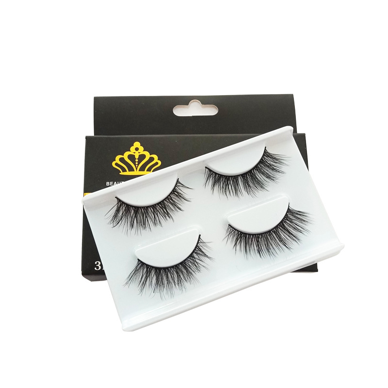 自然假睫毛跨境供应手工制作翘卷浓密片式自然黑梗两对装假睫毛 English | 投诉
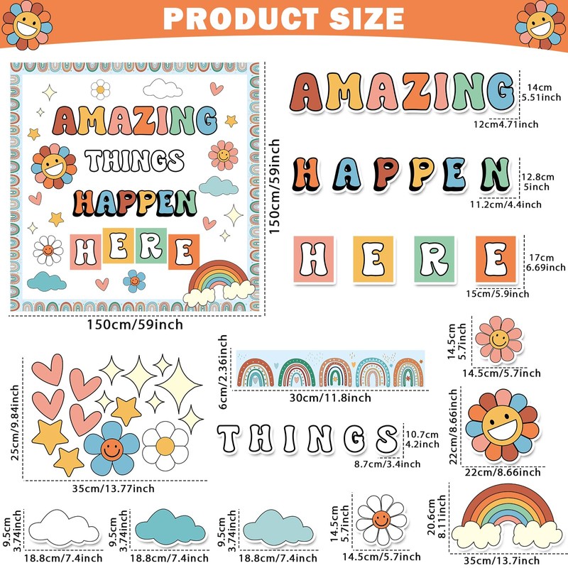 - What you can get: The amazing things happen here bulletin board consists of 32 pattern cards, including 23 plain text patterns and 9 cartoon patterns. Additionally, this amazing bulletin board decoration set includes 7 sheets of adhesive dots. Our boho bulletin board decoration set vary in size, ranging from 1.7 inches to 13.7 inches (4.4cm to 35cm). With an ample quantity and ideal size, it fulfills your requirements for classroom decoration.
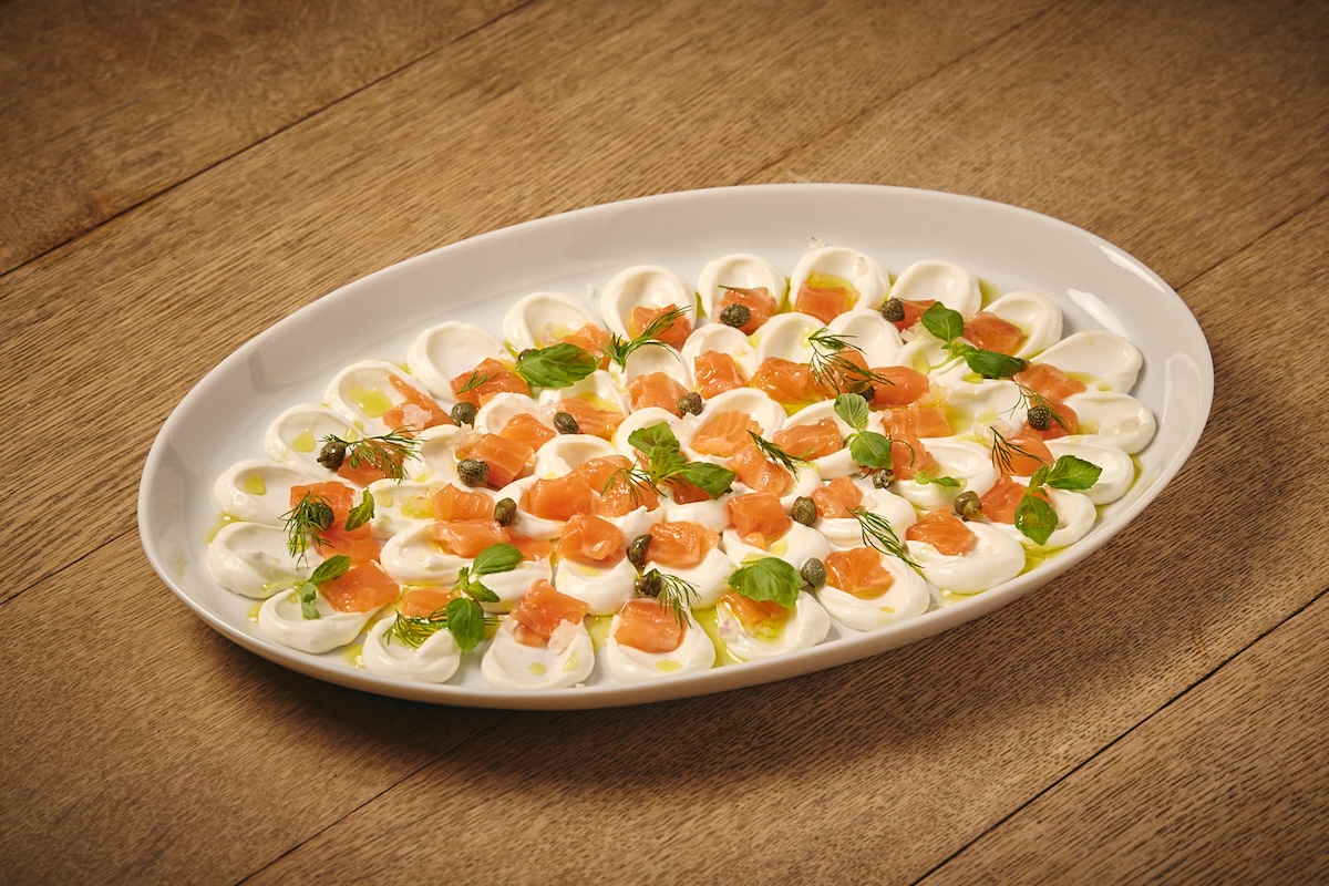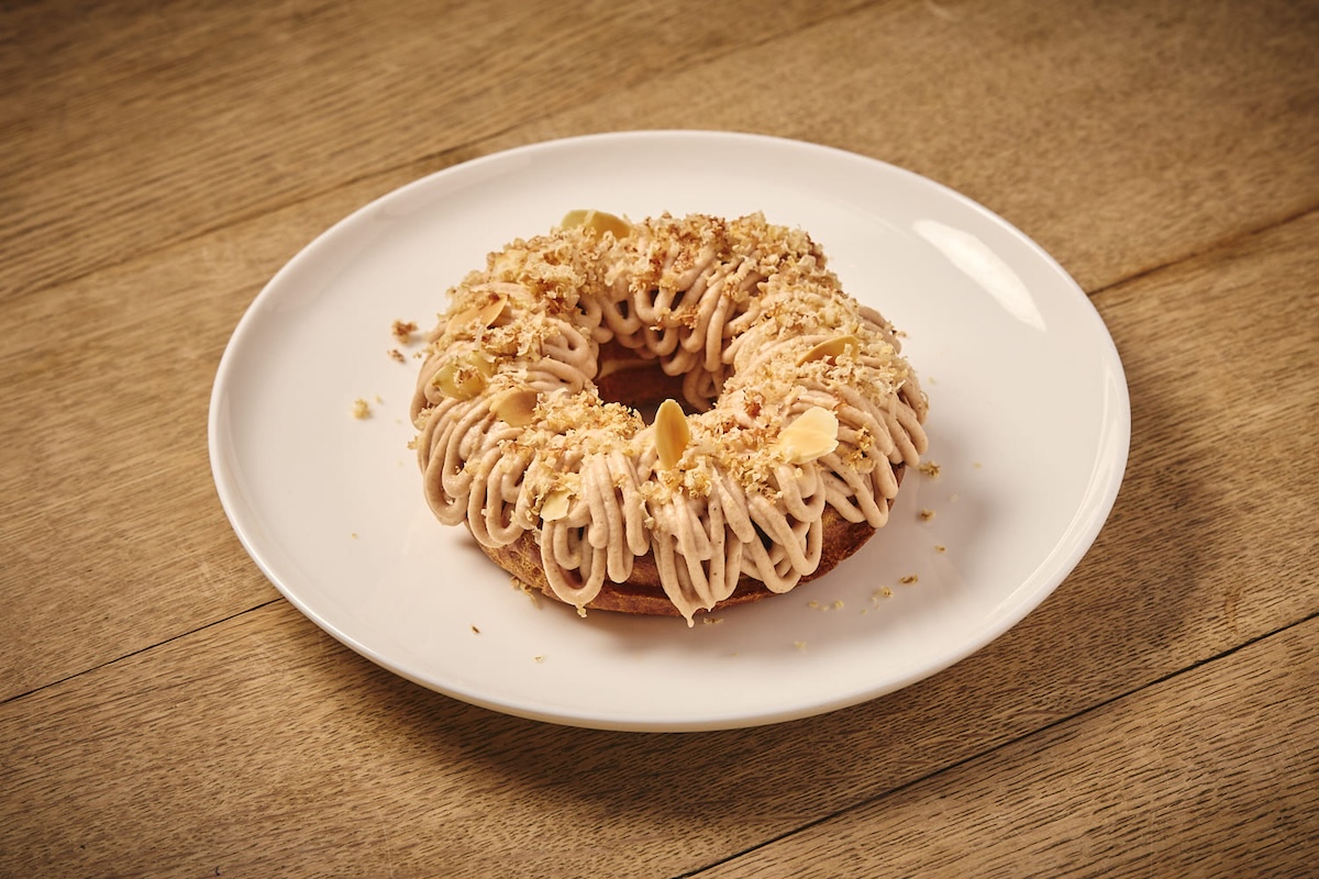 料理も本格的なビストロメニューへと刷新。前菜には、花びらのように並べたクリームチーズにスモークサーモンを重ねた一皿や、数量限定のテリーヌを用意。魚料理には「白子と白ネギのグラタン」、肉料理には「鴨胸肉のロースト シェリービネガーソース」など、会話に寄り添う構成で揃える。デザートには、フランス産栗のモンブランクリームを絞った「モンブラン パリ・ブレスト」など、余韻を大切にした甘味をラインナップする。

Exercise prompt ▸ Reproduce the whole listing above character for character; pictures do not belong in it.

Exercise solution ▸
 自然假睫毛跨境供应手工制作翘卷浓密片式自然黑梗两对装假睫毛 English | 投诉
 - What you can get: The amazing things happen here bulletin board consists of 32 pattern cards, including 23 plain text patterns and 9 cartoon patterns. Additionally, this amazing bulletin board decoration set includes 7 sheets of adhesive dots. Our boho bulletin board decoration set vary in size, ranging from 1.7 inches to 13.7 inches (4.4cm to 35cm). With an ample quantity and ideal size, it fulfills your requirements for classroom decoration.
 料理も本格的なビストロメニューへと刷新。前菜には、花びらのように並べたクリームチーズにスモークサーモンを重ねた一皿や、数量限定のテリーヌを用意。魚料理には「白子と白ネギのグラタン」、肉料理には「鴨胸肉のロースト シェリービネガーソース」など、会話に寄り添う構成で揃える。デザートには、フランス産栗のモンブランクリームを絞った「モンブラン パリ・ブレスト」など、余韻を大切にした甘味をラインナップする。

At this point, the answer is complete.